Look below for the line holding "酒店床尾巾高档床尾巾床旗桌旗数码印刷条床上装饰布酒店抱枕批发" and the line holding "11月13日下午,皇冠集团游". Repeat those two and everything between, exactly.

** Data provided **

================

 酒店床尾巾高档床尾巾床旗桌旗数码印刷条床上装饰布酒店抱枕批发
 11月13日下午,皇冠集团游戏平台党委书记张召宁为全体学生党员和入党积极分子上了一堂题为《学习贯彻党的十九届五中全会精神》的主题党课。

================

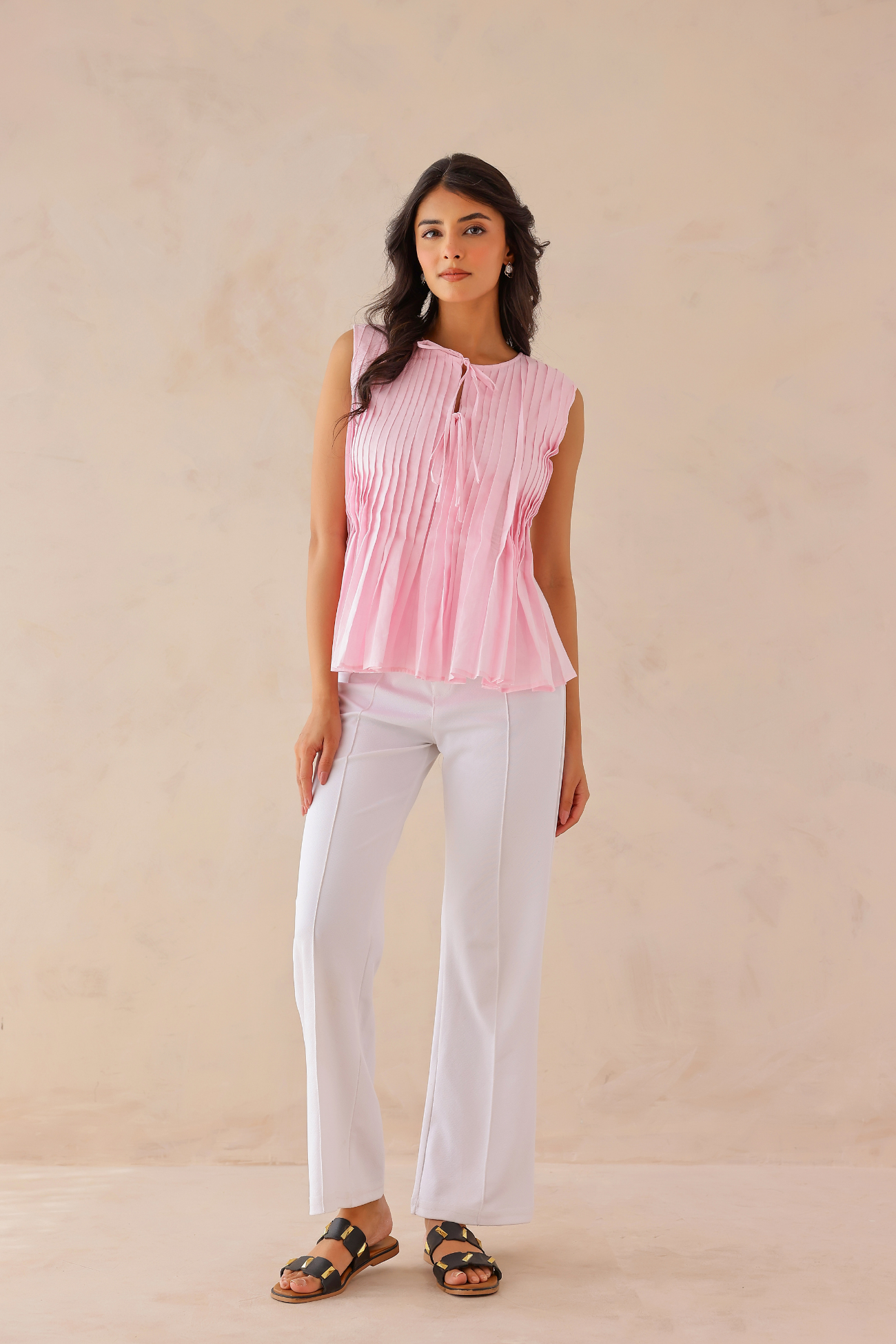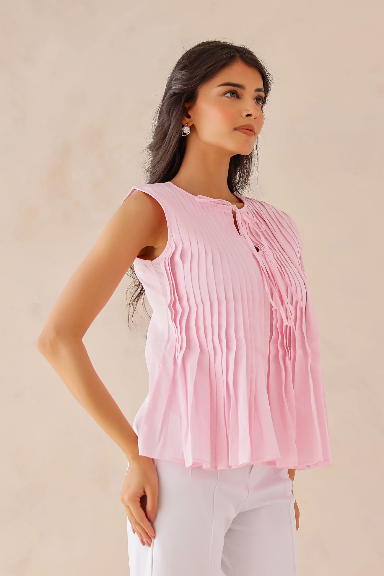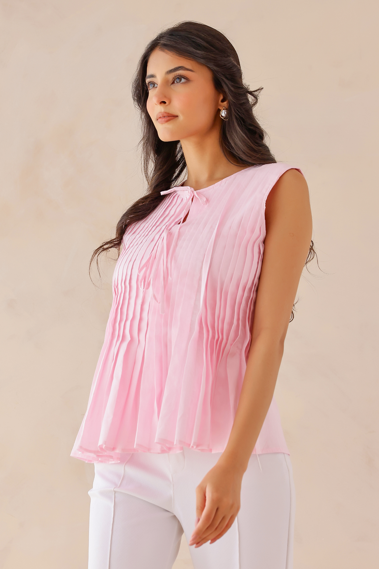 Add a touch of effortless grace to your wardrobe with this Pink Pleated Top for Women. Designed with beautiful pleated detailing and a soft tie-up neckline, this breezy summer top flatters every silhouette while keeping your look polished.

================

** Your response **
 酒店床尾巾高档床尾巾床旗桌旗数码印刷条床上装饰布酒店抱枕批发
 11月13日下午,皇冠集团游戏平台党委书记张召宁为全体学生党员和入党积极分子上了一堂题为《学习贯彻党的十九届五中全会精神》的主题党课。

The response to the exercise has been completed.